From 1,458 runs and 13 configurations, seven principles emerged. Each is backed by specific data points. I’ve organized them from highest impact to lowest.

Rule 1: Don’t Teach Claude How to Code

Remove any instruction that restates general programming knowledge.

Claude’s training already encodes Python best practices, clean code principles, naming conventions, design patterns, and edge-case awareness. Instructions like “use snake_case for variables,” “write clear docstrings,” or “handle edge cases” are redundant. They don’t make the model try harder—they add tokens that dilute the actual task.

The micro-quality profile tested this directly. It contained just four bullet points of universal coding advice:

  • Write clear, self-documenting code with descriptive names
  • Handle edge cases explicitly with informative error messages
  • Follow task instructions precisely
  • Keep functions focused and short

These are principles so universal they seem impossible to disagree with. They still reduced quality by 0.54 points. The instructions create a scorecard that can only subtract points, never add them.

Evidence: micro-quality (74 tokens, -0.54), typical-readable (753 tokens with style/naming/formatting rules, -1.07), large-readable (6,800 tokens of comprehensive guidelines, -0.86). All negative. Phase 2, 648 runs.

Don’t include

  • “Use snake_case for variables”
  • “Write docstrings for public functions”
  • “Handle edge cases”
  • “Follow SOLID principles”
  • “Use descriptive variable names”
  • “Keep functions short”

Do include

  • “Use Pydantic v2 model_validator, not v1 validator”
  • “Our API returns snake_case JSON, not camelCase”
  • “Error responses must include a trace_id field”
  • Things Claude cannot know from training

Rule 2: Don’t Tell Claude How to Think

Skip chain-of-thought instructions for code generation.

“Think step by step” is the most widely repeated prompt engineering advice on the internet. It works on math and logic puzzles. It does not work for coding. In our 270-run experiment, every CoT variant scored lower than the bare baseline on every model.

More explicit reasoning instructions produced worse results than lighter ones. cot-detailed (“analyze requirements step by step, consider edge cases, then implement”) scored lower than cot-prefix (“think step by step”), which scored lower than no instruction at all. The more structure you impose on the model’s reasoning, the more you constrain its natural problem-solving.

Evidence: cot-prefix averaged -0.56 from bare; cot-detailed averaged -0.73. Opus suffered the most (-1.14 for cot-detailed). On refactor-01, Opus dropped 3.5 points (86.8 → 83.3). CoT experiment, 270 runs.

The chess grandmaster analogy holds: giving a grandmaster a “first consider all captures, then consider all checks” checklist doesn’t help them—it fragments the holistic pattern recognition they’re better at. Claude already reasons through implementation. Explicit CoT instructions fragment that reasoning.

Cross-language update: 2,880 cross-language runs revealed CoT helps Go (+5.3) and C# (+7.7) while hurting Python (-0.5). The model’s baseline competence in Python makes CoT redundant, but for languages where the model is less confident, structured reasoning provides scaffolding. If you write Go or C#, add a CoT prefix. If you write Python, skip it.

Rule 3: Tell Claude What It Doesn’t Know

Instructions should encode project-specific knowledge, not programming knowledge.

The one category of information that consistently helped was knowledge Claude cannot have from training: your project’s architecture, your team’s conventions, your deployment constraints, your domain’s terminology.

The typical-readable profile contained build commands (make build, make test), project structure (src/ for code, tests/ mirrors source), and workflow conventions (commit message format, branch naming).
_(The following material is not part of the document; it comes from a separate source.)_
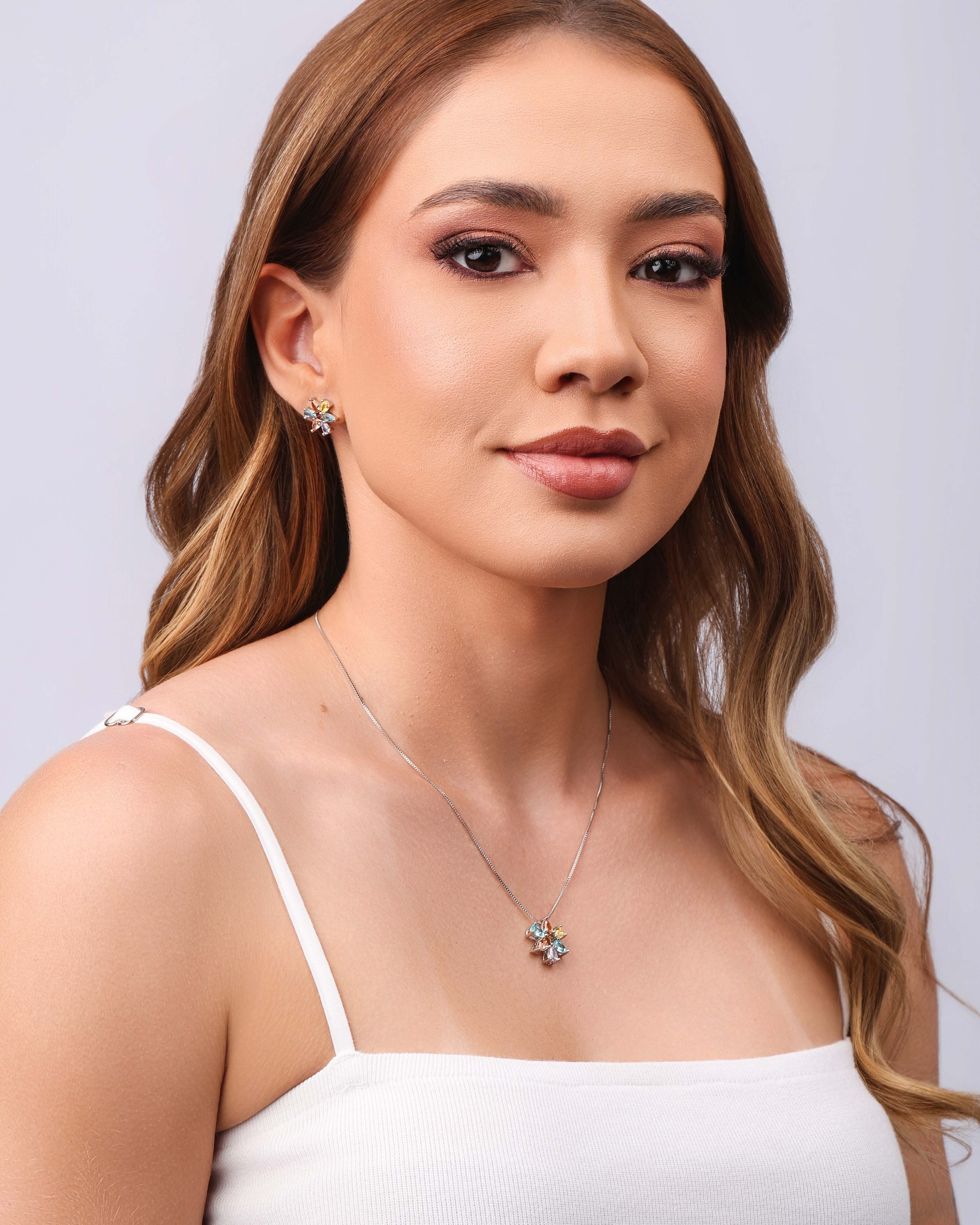 O banho ródio branco oferece durabilidade e conforto, mantendo as peças bonitas mesmo com o uso frequente. É um conjunto versátil, perfeito para quem busca elegância com um toque de cor no dia a dia ou em ocasiões especiais.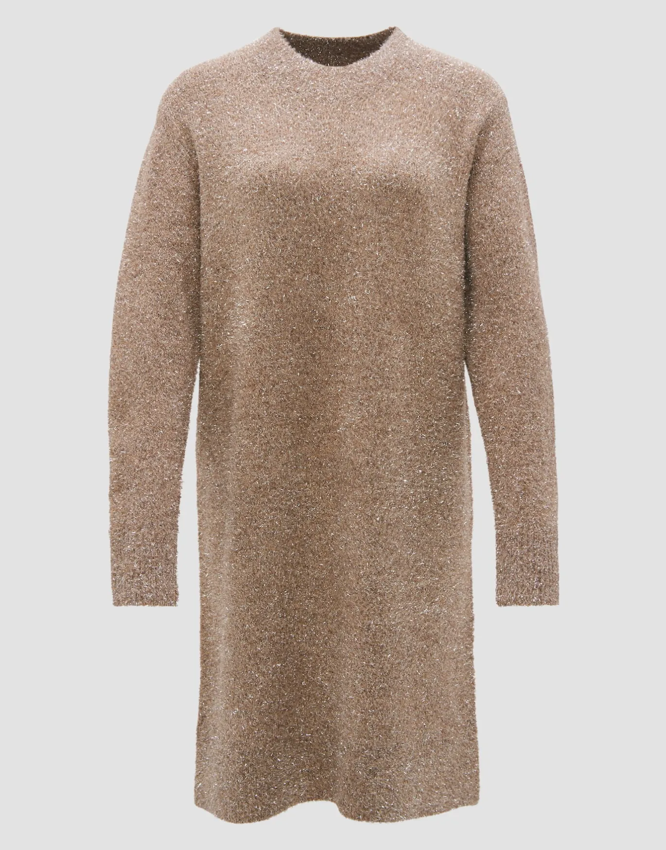 Dieses schimmernde Strickkleid ist der perfekte Allrounder für die kommende Saison und lässt sich sowohl modern mit schlichten Boots als auch elegant mit klassisch-hohen Schuhen stylen.

These are exactly the kind of project-specific facts that help Claude navigate a real codebase. On their own they still showed an overall negative delta (-1.07), but this is because they were bundled with generic style rules that diluted the signal.

Evidence: Build commands and project structure are the type of knowledge that helps in multi-file, real-world sessions (not captured in this benchmark’s single-file tasks). The negative result on generic coding tasks confirms that generic rules hurt; it doesn’t invalidate project-specific context. See Caveats.

The ideal CLAUDE.md is a project knowledge base, not a coding style guide. Think of it as onboarding documentation for a new team member who already knows how to code but doesn’t know your codebase.

Rule 4: Use Positive Framing, Never Prohibitions

Say “do X” not “don’t do Y.”

The anti-pattern profile framed guidance as prohibitions: “do not leave dead code,” “do not use overly clever one-liners,” “do not create deeply nested code.” The micro-quality profile framed equivalent guidance as positive directives: “write clear, self-documenting code,” “keep functions focused and short.”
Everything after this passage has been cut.